Remembering those who were robbed from their Mother’s Day
By Barb Nahwegahbow
TORONTO – Mother’s Day was a sombre occasion for John Fox. It was a day to remember his daughter, the late Cheyenne Fox and all the Missing and Murdered Indigenous Women (MMIW) who were mothers and grandmothers. “Celebrating and being honoured as mothers, they were robbed of that,” said Fox, citizen of Wikwemikong Unceded Indian Reserve.
Fox led a group of supporters to protest outside Anduhyaun, a Toronto shelter for Aboriginal women. In August 2012, Fox’s daughter was staying there when she was sexually assaulted in the shelter’s backyard. Nine months later, 20-year old Cheyenne Fox died after a fall from a 24th floor balcony. While the Toronto police ruled her death a suicide, Fox believes it was murder. Cheyenne was the mother of a 2-year old son.
Fox said the sexual assault was recorded on the shelter’s closed circuit cameras. Based on this, the police charged the alleged attacker. The judge for the preliminary hearings in 2014 viewed the tapes and subsequently ruled there was sufficient evidence to go to trial.
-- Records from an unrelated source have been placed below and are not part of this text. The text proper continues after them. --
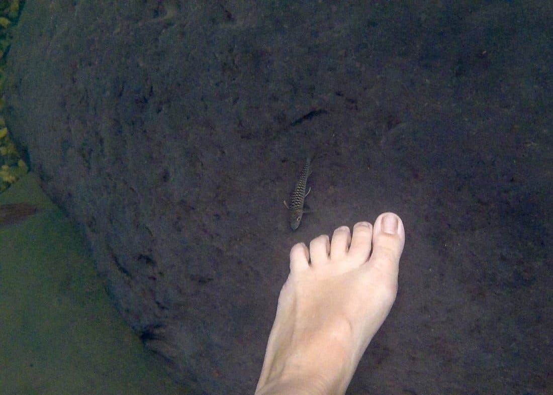 We wade up a small stream, which ends in a cute waterfall, maybe three meters high. It’s not stunning but that’s just what I need to come down: jump into the refreshing waters of the pool under the fall, have the nibble fish nibble the dead cells off my legs and feet, climb to the second small fall a bit further up the stream and do the same again.
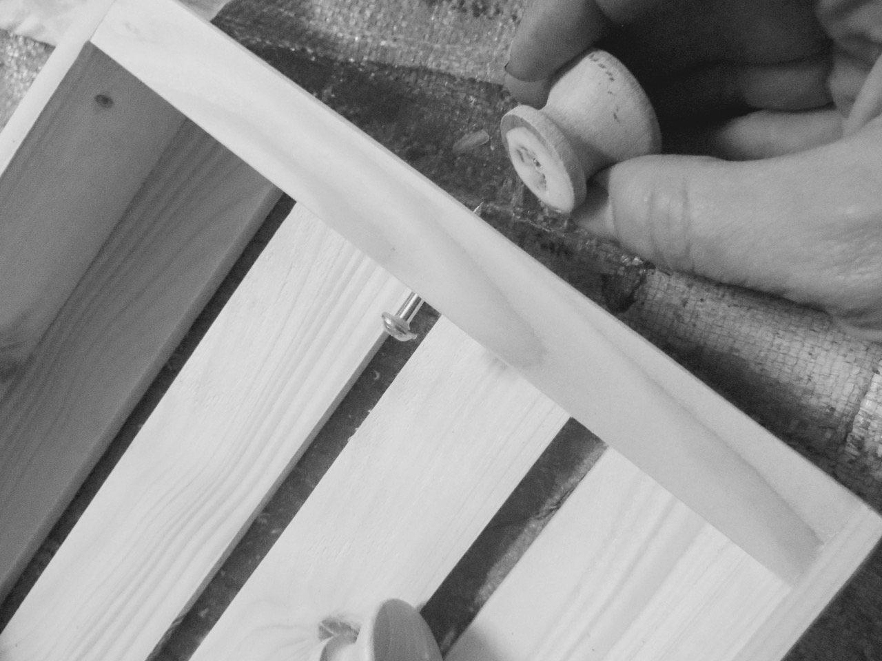 Drill your screw in from the inside so the tip is coming out of the end slightly. Rub glue on the base of your knob and put over the end of your screw. The screw aligns your knob just where it should be – then you can drill your screw in all the way. Wipe excess glue.
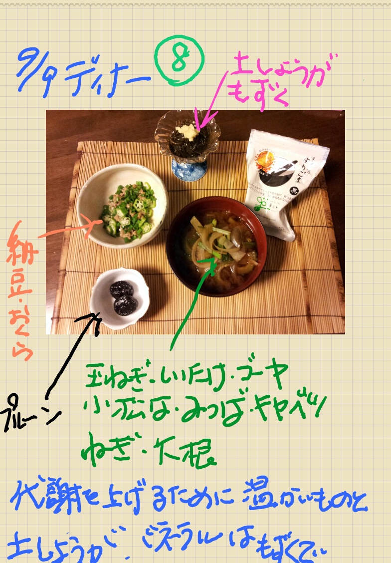 私自身、納豆、野菜豆腐などの食事のみでも
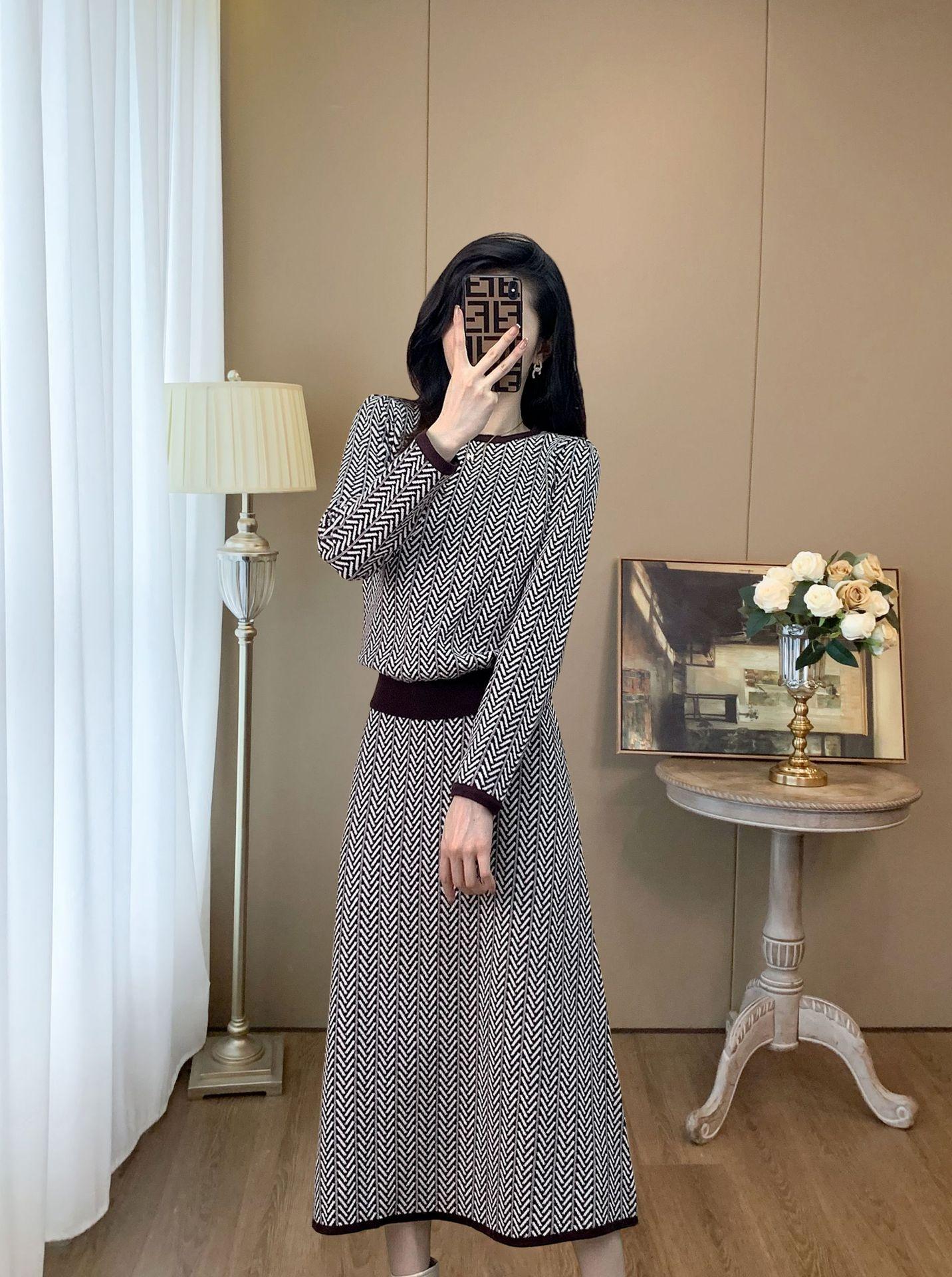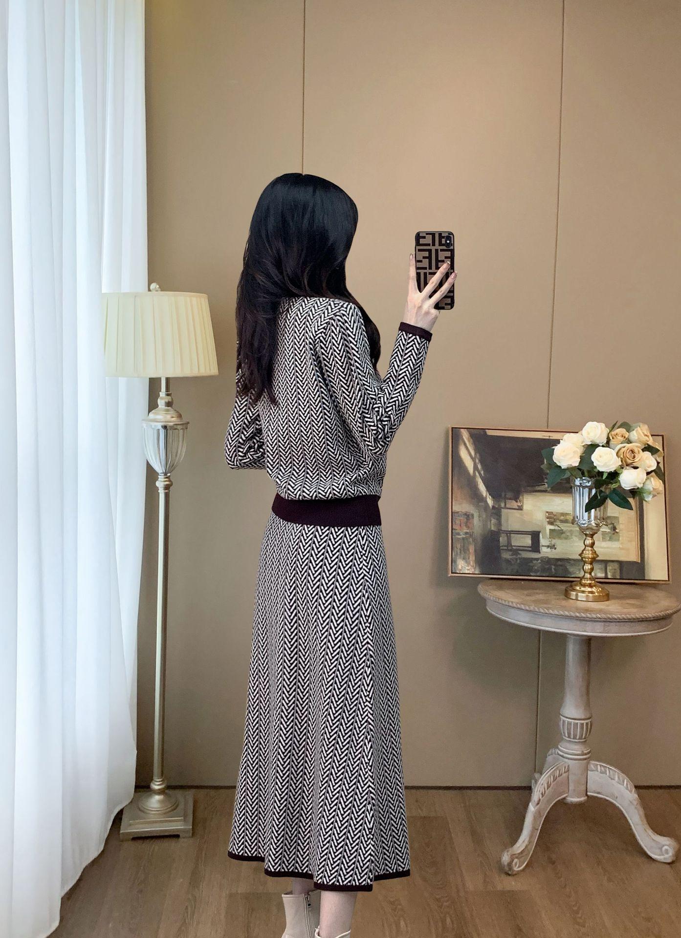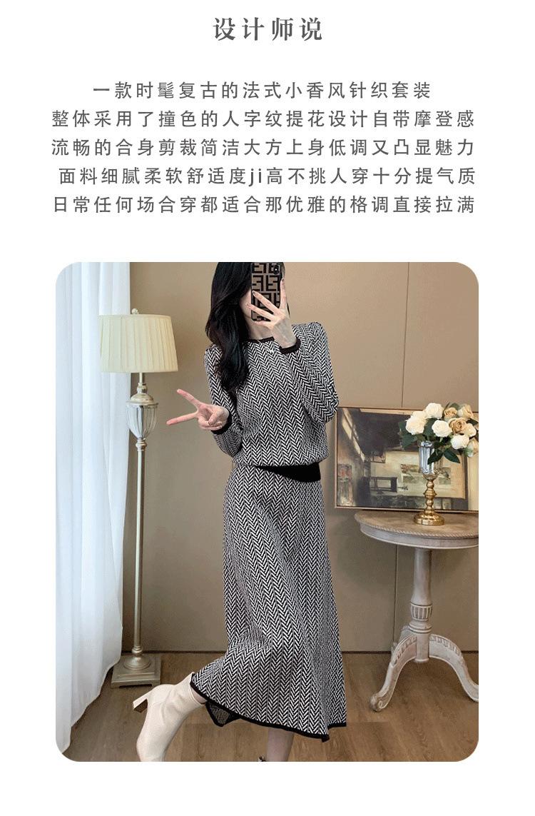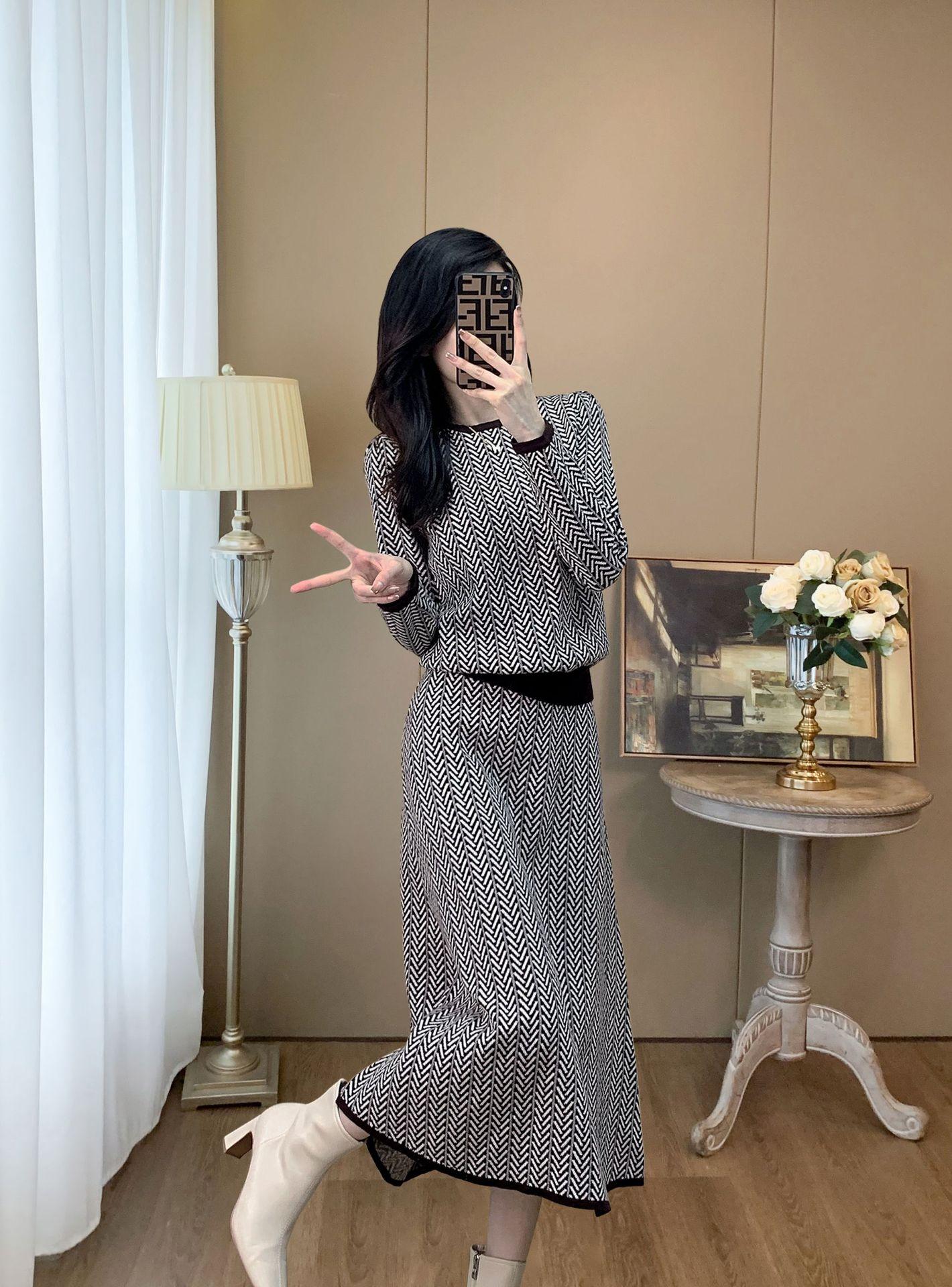 Traje de Punto Retro a la Moda 2025 Principios de Otoño Nuevo Estilo Francés Lujo Accesible Gama Alta Top y Falda Conjunto de Dos Piezas
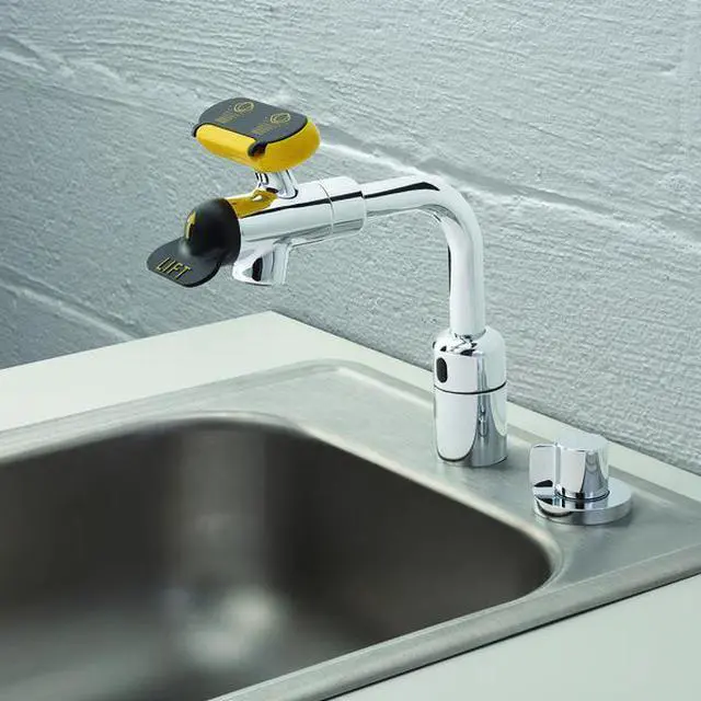 California Proposition 65: This product contains a chemical known to the State of California to cause birth defects or other reproductive harm. A revolution in safety and convenience, the Eyesaver® SEF-18107 combines a fully functional sensor-operated laboratory faucet with an independently operated eyewash. The patented design incorporates two separate water channels in the faucet body: one for the eyewash and the other for the faucet. The design assures that the integrated emergency eyewash delivers a safe, tepid water temperature to the eyes each and every time. The front-facing sensor incorporates advanced laser technology, emitting a non-visible beam of light for instant on and off operation of the daily use faucet.
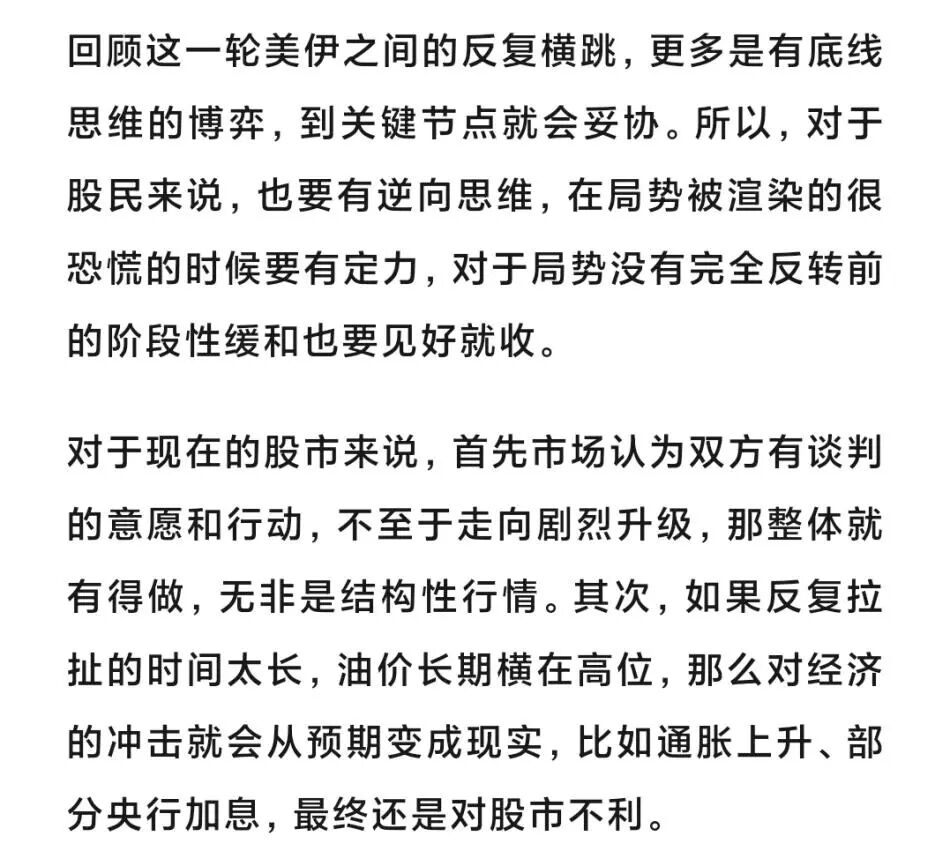 前天ktv、昨天icu、今天又是ktv,上证指数盘中一度收复4000点,创业板指更是盘中创出年内新高,这要是前天追进去,昨天又割肉,今天那真是两眼一黑。所以,我们昨天提到,只要局势不走向升级,那起码有结构性行情可以走,实际上市场短期内对油价相对免疫,昨天盘后油价再次破100,美股也没低开,纳指都七连涨了;其次,要逆向去做,在局势恐慌的时候要有定力。
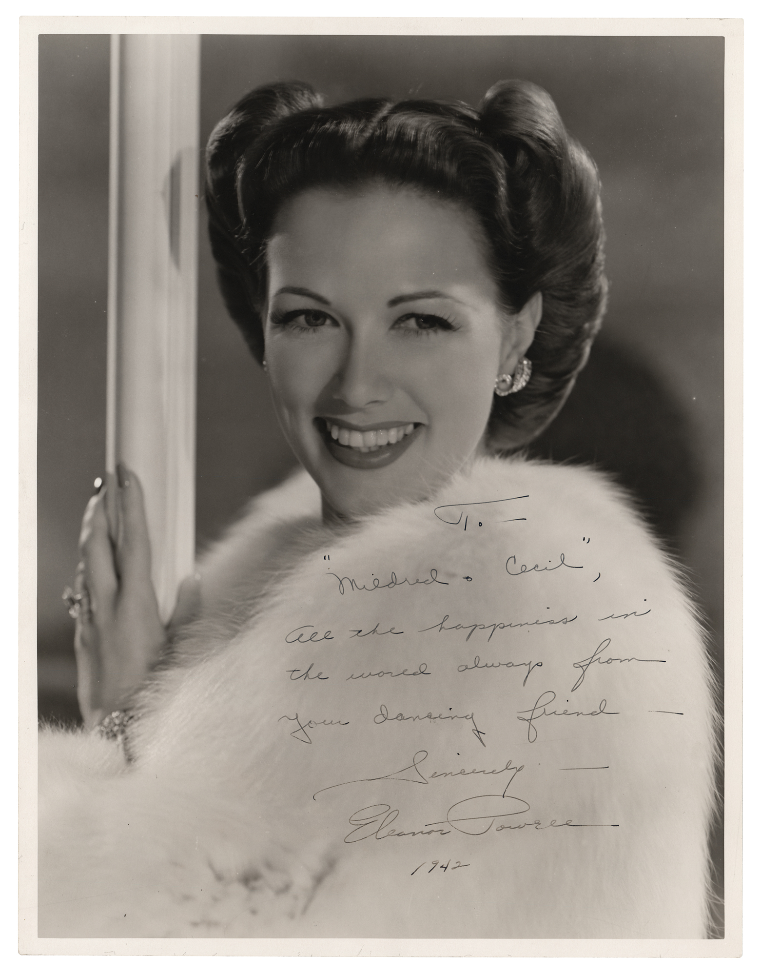 Vintage matte-finish 10 x 13 glamour portrait of Powell in white fur, signed and inscribed in fountain pen, "To 'Mildred & Cecil,' see the happiness in the world always from your dancing friend – Sincerely – Eleanor Powell, 1942.” In very fine condition. From the David Seltzer collection.
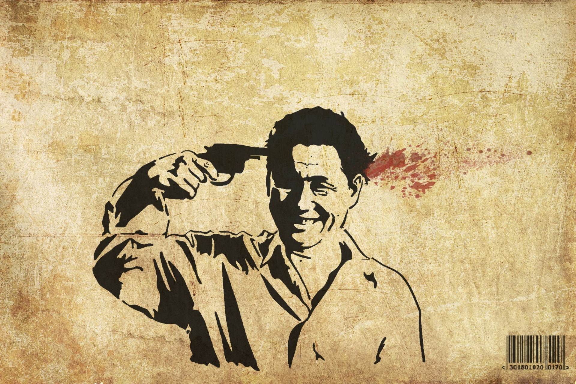 Dibujo de un hombre sonriente que se suicida con una pistola y un código de barrasDibujo de un hombre sonriente que se suicida con una pistola y un código de barras
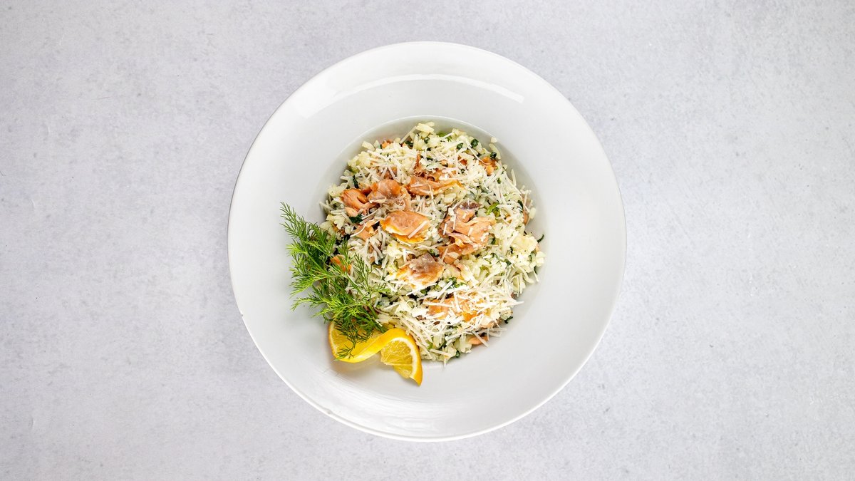 200 g | Krémové rizoto s lososem a špenátem
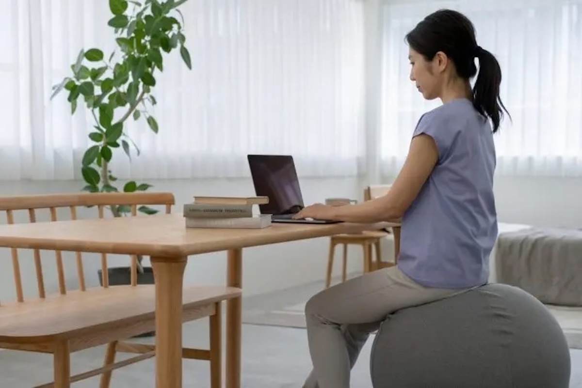 イスのような「バランスボール」に座りながら体幹をエクササイズ

The trial is scheduled to start September this year.
Fox alleges that Anduhyaun Shelter failed his daughter and said he filed a lawsuit against the shelter based on this a couple of weeks ago. “It’s supposed to be a safe place for our women,” he said. “I’m frustrated. It comes down to this. The shelter failed my daughter all the way around.”
Upon arrival at the shelter on Mother’s Day, the group was met with two security guards from a private firm. “Where were the security guards when my daughter was being assaulted?” said Fox. There were a couple of tense moments, once when Fox went onto the property, and the second when MMIW advocate Patricia Watts from Wabigoon Lake First Nation did the same. Watts climbed onto the shelter’s lawn to pray and offer tobacco. When the security guards demanded she get off the property, Watts said would do so after she finished her prayer.
Standing on the sidewalk outside Anduhyaun, Fox addressed the shelter’s management who stayed behind closed doors. “This is not a safe place for our women. We’re not going to allow you to hide anymore, there’s going to be a lot more of these activities going on until you’re shut down or you’re accountable or your board completely resigns.”
Nationally known MMIW activist Gladys Radek travelled from Orillia to support Fox. She co-founded Walk4Justice when her 22-year old niece Tamara Chipman disappeared in 2005.
Speaking to a passerby who was drawn by the sound of the drumming, Radek told her, “There’s a lot of motherless children,” and explained what happened to Cheyenne Fox. “Somebody’s gotta bring attention to it, get a public inquiry. We’ve been asking for it for the last decade. It should be a priority. We’re lifegivers.”